27-year-old Laura Wade's new play opens with a mother and daughter having a picnic in a graveyard. This sets the tone for what is a gently irreverent comedy about death. Margot Leicester gives a sympathetic and watchable performance as Myra, who when diagnosed with bone cancer, begins planning her own funeral in enthusiastic detail.

This opening premise is certainly intriguing. What do you do when you know you are going to die? Myra devises a PowerPoint presentation on homemade funerals, complete with tacky sound effects. Her husband and daughters struggle to see the funny side, until Myra forces them to confront their own fears, and get on with their lives and each other. The appearance of a cardboard coffin onstage raises a smile, as does a string of mild observational gags.

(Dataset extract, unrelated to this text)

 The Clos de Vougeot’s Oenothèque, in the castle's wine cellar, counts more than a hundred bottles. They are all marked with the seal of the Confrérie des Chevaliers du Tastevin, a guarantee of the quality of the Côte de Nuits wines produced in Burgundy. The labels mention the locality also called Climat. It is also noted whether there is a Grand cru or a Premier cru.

The play is at its most touching when it examines the mystical bond between mother and daughter, and Jenna's admission even before her mother is dead, that she is 'Missing you already', and must 'practise' not sharing her troubles with her mother. Michael Pennington as husband Alec is reticent, struggling to keep his own fear buried. The striking set mixes middle class living room with tree-lined cemetery, giving a sense of the outside indoors. The raised stage with a cross section of earth cut away is a constant reminder of the impending burial.

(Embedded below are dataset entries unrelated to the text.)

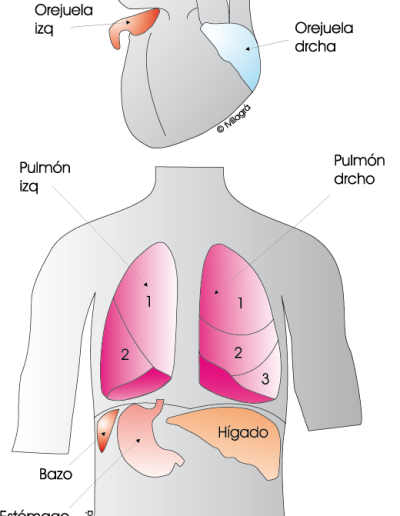 En la figura superior izquierda se muestra una ordenación de situs solitus con el hígado a la derecha, el estómago a la izquierda, el pulmón derecho con tres lóbulos y la orejuela derecha a la derecha. En ocasiones la situación normal está totalmente invertida, de tal forma que los órganos normalmente derechos están a la izquierda y viceversa. Esta situación se conoce como Situs Inversus, tal como muestra la figura superior derecha, y afecta aproximadamente a 1/8.500 de los recién nacidos vivos. Es de reseñar, que esta anomalía se asocia con cardiopatía congénita solo en un 0,6-0,8%. Aunque esta asociación no es, pues, frecuente, hay que tenerla en cuenta ante el diagnóstico de situs inversus.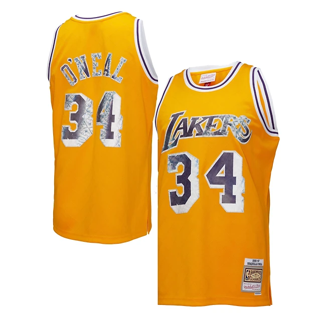 Men's Mitchell & Ness Shaquille O'Neal Gold Los Angeles Lakers 1996/97 Hardwood Classics 75th Anniversary Diamond Swingman - Jersey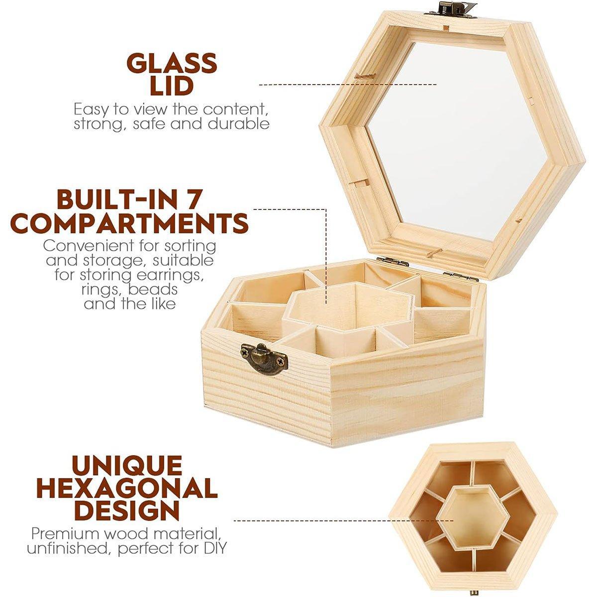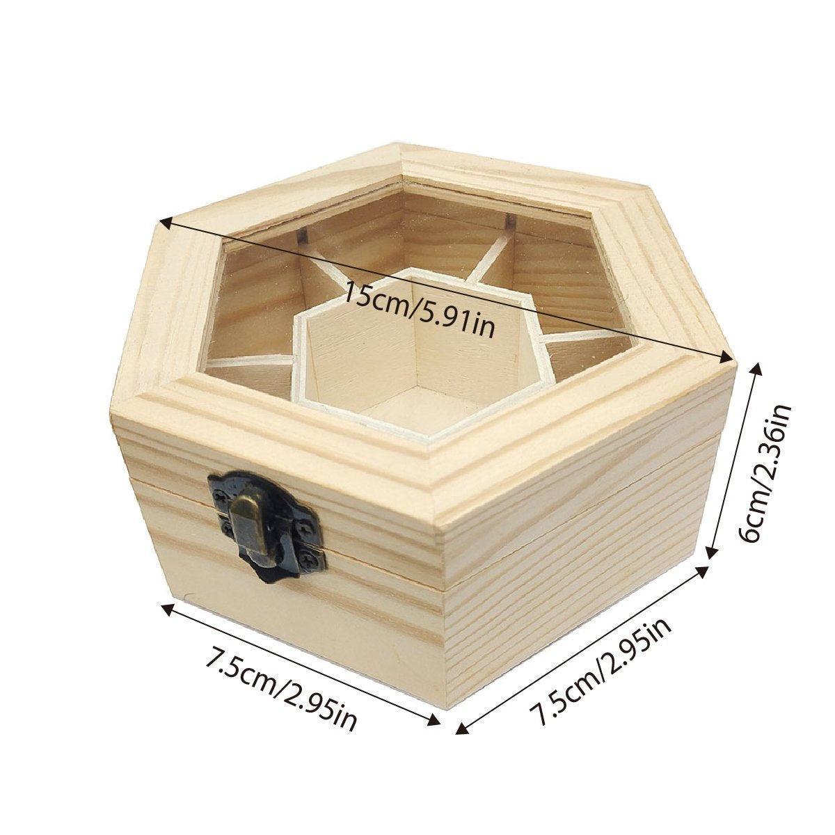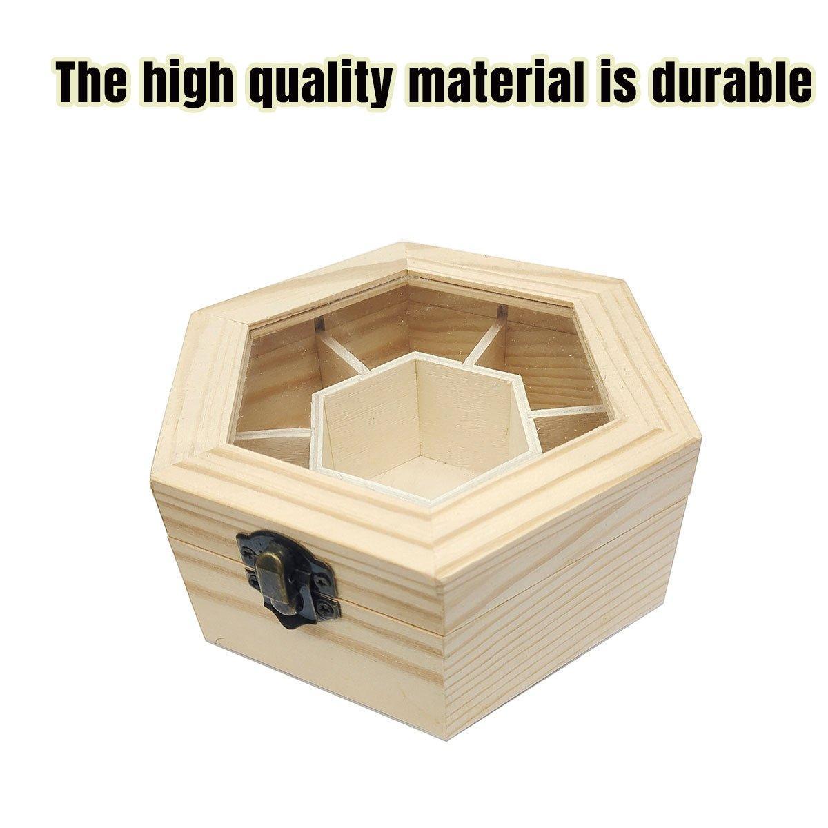 Hexagonal Seven Jewelry Compartment Wooden Organizer Desktop Finishing Box

Perhaps that constant reminder becomes a disadvantage at points. Once we have seen Myra bring her family closer together and they begin to come to terms with her impending death, we are waiting for her to die. The play never quite delves as deep as one might hope at the outset. A nicely-judged scene between husband and wife should perhaps have been the final one.

While moments warm the heart, Colder Than Here, is neither as funny nor as moving as the similarly themed A Minute Too Late, currently playing at the National. Despite an ironic nod in the direction of multimedia, Colder Than Here somehow feels more old-fashioned than Complicite's show, resurrected twenty years after the original production.


Till 26 February 2005.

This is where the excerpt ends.